They are set in their approach to managing,
accustomed to working on their own schedule, and
unwilling to embrace a dramatically different
role. In a typical merger, they would be right—the
successor firm would expect all partners to adhere
to its policies. That’s exactly why a two-stage
deal can work better. Another area of
concern for transitioning practitioners is that a
traditional acquisition—structured to create a
return on investment for the buyer—can result in
reduced income even if the hours worked remain the
same. But a two-stage deal enables the successor
firm to defer most or all of its investment in the
acquisition, so it doesn’t have to demand an
immediate return.
THE CASE FOR NOW RATHER THAN LATER
Retiring practitioners also recognize the
need to properly transition the client base. Most
clients don’t have a yardstick by which to measure
their accountant’s level of competency or skill.
They remain loyal out of affection and trust. That
trust must be transferred from the seller to the
buyer, and the seller plays a critical role in
making that happen. Trust is earned through a
track record of experience, and transferring it is
a process that can take months or even years.

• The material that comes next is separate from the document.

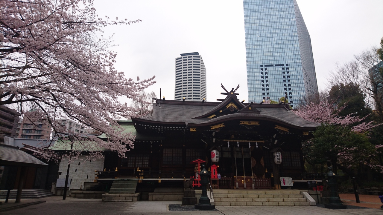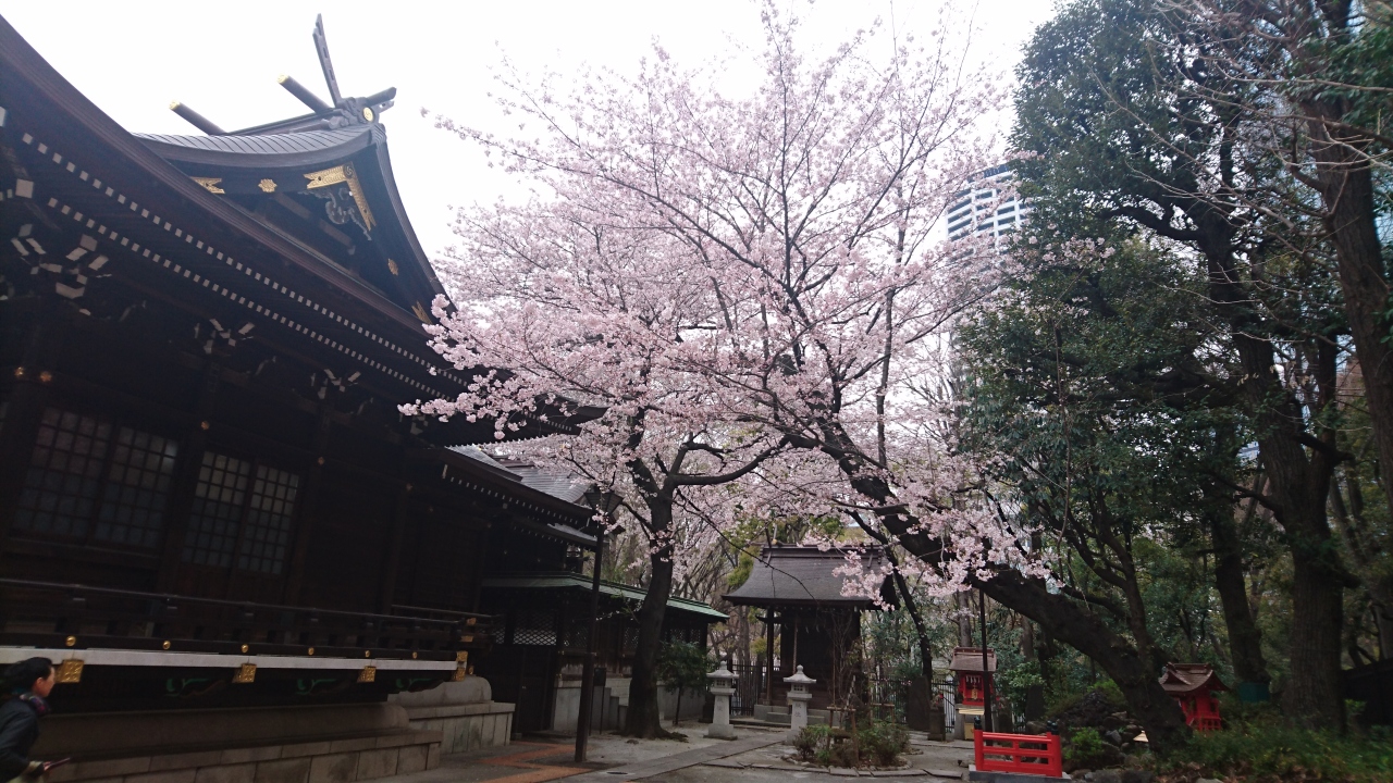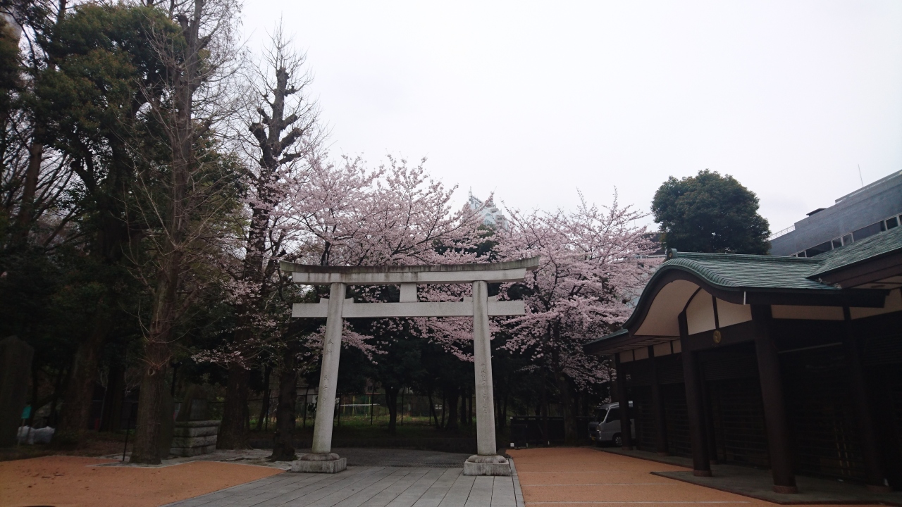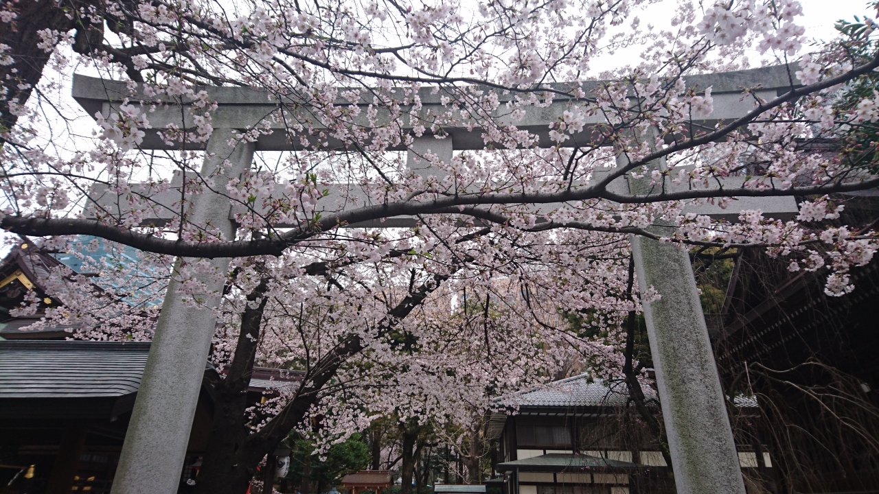 新宿中央公園に桜を見に行った時についでに立ち寄った。園内の西側の坂の途中にある。こじんまりとしている神社だが、時期的に桜が満開だった。道路側の鳥居近くは目の高さに桜の枝があったので接写出来るスポットだった。

Small firms meet personally with clients
remarkably infrequently. Business clients may mail
in or drop off work and sit down with the partners
only at tax season—that once-a-year meeting is not
uncommon. So when partners are five years from
retiring from the firm or reducing their time
commitment, that may turn out to be only five
visits with some clients. A two-stage deal takes
full advantage of those five encounters.
Most accounting practice sales have contract
contingencies that adjust the purchase price based
on client retention after closing. It is clearly
in both parties’ interests to give clients and the
successor the opportunity to become acclimated to
each other before a trusted partner retires. That
way the seller is still available to assist in
completing the transition. The risks and
challenges of accounting practice combinations are
unique, so consider hiring a professional who has
experience with acquisitions and mergers.
TWO-STAGE EXAMPLES
ABC, a two-partner firm generating $1.2
million in annual fees, recently sought assistance
in developing a succession plan. The partners were
each three years from retirement and were devoting
2,200 hours per year to the practice. One was
about 70% chargeable, and the other was 55%
chargeable, owing to a greater practice management
role. Including all perks, benefits, salary and
profit distribution, the partners were netting 36%
of their gross. They were introduced to
several potential buyers. ABC narrowed the choice
based on the chemistry between it and firm XYZ’s
similarities in fee structure, service approach
and location. Under the negotiated deal,
ABC moved into XYZ’s offices, but the retiring
partners maintained their existing entity, into
which their compensation was paid and in which
they were the only remaining employees. (In most
deals, professional staff is retained at least
initially, but keeping clerical/secretarial staff
is based on need.) During stage one the two
retiring partners were paid 36% of the gross
collections received from their original clients.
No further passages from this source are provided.